→ Task objective
Only one span of the listing below should come back. It runs from the line with "倍速鏈條用鋁制框架,用于滾子" through the line with "Sygnał odebrany przez", and each of its lines must be reproduced exactly.

→ Provided information
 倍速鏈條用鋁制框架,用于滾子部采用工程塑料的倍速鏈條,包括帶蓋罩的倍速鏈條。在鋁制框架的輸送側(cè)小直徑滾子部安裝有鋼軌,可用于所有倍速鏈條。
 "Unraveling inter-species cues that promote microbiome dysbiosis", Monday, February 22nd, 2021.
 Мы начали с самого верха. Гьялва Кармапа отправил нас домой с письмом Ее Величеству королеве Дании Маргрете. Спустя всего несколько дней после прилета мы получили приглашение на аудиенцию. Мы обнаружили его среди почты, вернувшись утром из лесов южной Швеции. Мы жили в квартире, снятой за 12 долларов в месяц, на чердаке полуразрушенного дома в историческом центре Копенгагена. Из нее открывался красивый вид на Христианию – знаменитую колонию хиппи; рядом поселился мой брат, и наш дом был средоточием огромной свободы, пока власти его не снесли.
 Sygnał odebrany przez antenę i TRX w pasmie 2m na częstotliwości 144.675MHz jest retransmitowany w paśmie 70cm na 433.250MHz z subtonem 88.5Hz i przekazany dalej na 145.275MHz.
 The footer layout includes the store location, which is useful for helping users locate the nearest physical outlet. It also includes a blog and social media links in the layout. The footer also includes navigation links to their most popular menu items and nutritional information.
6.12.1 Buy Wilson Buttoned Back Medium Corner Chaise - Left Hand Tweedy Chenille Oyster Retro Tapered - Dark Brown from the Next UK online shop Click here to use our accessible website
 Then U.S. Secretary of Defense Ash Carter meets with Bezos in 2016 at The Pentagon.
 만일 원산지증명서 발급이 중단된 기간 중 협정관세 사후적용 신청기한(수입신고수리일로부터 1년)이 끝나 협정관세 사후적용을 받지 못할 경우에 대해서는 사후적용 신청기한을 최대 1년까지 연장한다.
==
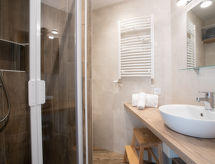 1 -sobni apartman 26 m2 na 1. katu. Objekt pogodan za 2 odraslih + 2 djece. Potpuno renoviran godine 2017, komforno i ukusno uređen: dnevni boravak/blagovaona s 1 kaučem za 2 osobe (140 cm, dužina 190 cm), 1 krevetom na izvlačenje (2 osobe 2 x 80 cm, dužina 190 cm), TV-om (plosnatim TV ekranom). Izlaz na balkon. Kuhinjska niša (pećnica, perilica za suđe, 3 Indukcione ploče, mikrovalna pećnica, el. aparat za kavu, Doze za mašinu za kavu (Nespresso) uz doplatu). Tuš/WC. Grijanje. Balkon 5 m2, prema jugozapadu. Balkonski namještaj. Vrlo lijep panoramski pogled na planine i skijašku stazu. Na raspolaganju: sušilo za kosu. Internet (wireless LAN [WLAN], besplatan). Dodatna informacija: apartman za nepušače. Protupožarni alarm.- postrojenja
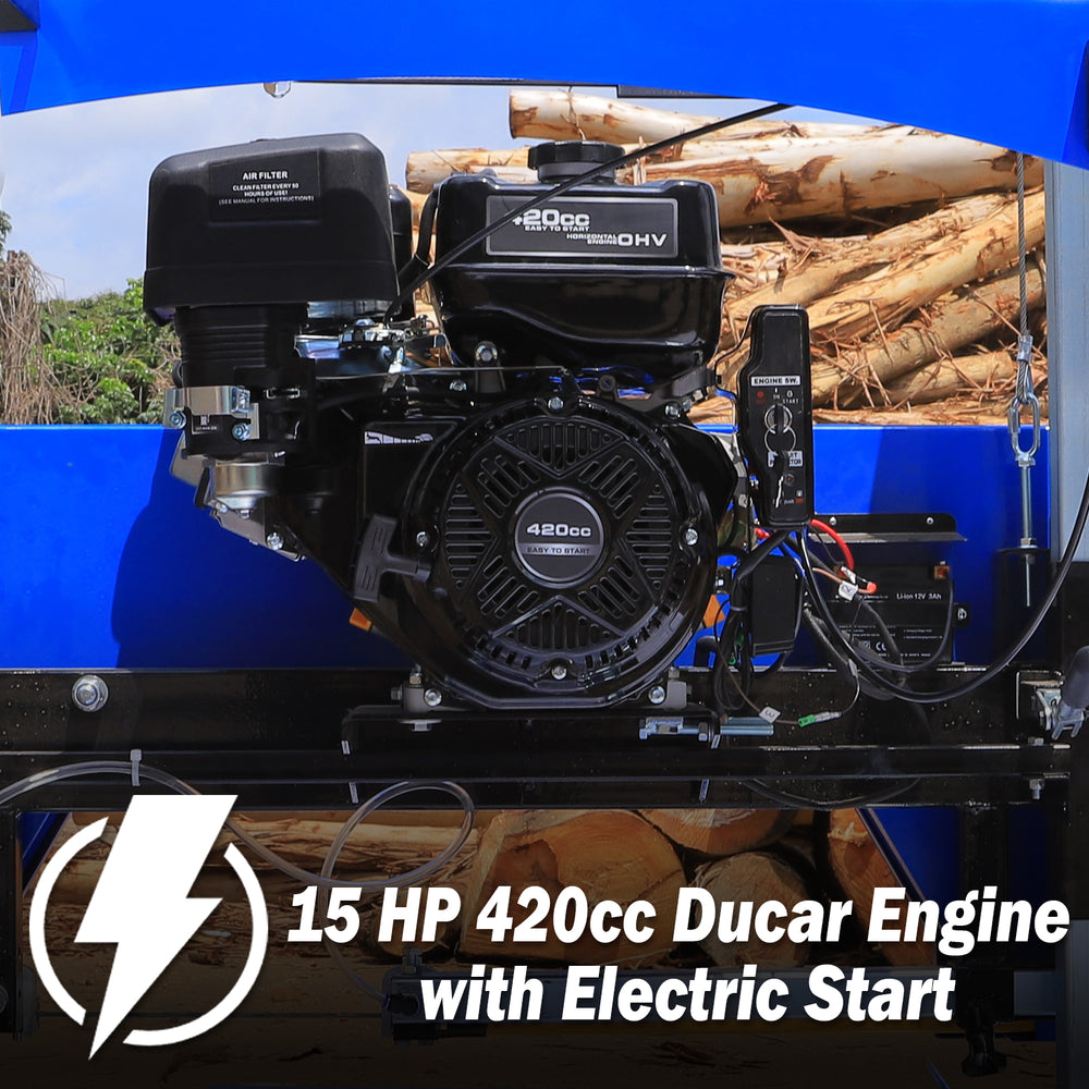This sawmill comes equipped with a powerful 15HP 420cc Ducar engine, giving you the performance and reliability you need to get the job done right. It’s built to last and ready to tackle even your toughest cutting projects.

→ Answer box
 倍速鏈條用鋁制框架,用于滾子部采用工程塑料的倍速鏈條,包括帶蓋罩的倍速鏈條。在鋁制框架的輸送側(cè)小直徑滾子部安裝有鋼軌,可用于所有倍速鏈條。
 "Unraveling inter-species cues that promote microbiome dysbiosis", Monday, February 22nd, 2021.
 Мы начали с самого верха. Гьялва Кармапа отправил нас домой с письмом Ее Величеству королеве Дании Маргрете. Спустя всего несколько дней после прилета мы получили приглашение на аудиенцию. Мы обнаружили его среди почты, вернувшись утром из лесов южной Швеции. Мы жили в квартире, снятой за 12 долларов в месяц, на чердаке полуразрушенного дома в историческом центре Копенгагена. Из нее открывался красивый вид на Христианию – знаменитую колонию хиппи; рядом поселился мой брат, и наш дом был средоточием огромной свободы, пока власти его не снесли.
 Sygnał odebrany przez antenę i TRX w pasmie 2m na częstotliwości 144.675MHz jest retransmitowany w paśmie 70cm na 433.250MHz z subtonem 88.5Hz i przekazany dalej na 145.275MHz.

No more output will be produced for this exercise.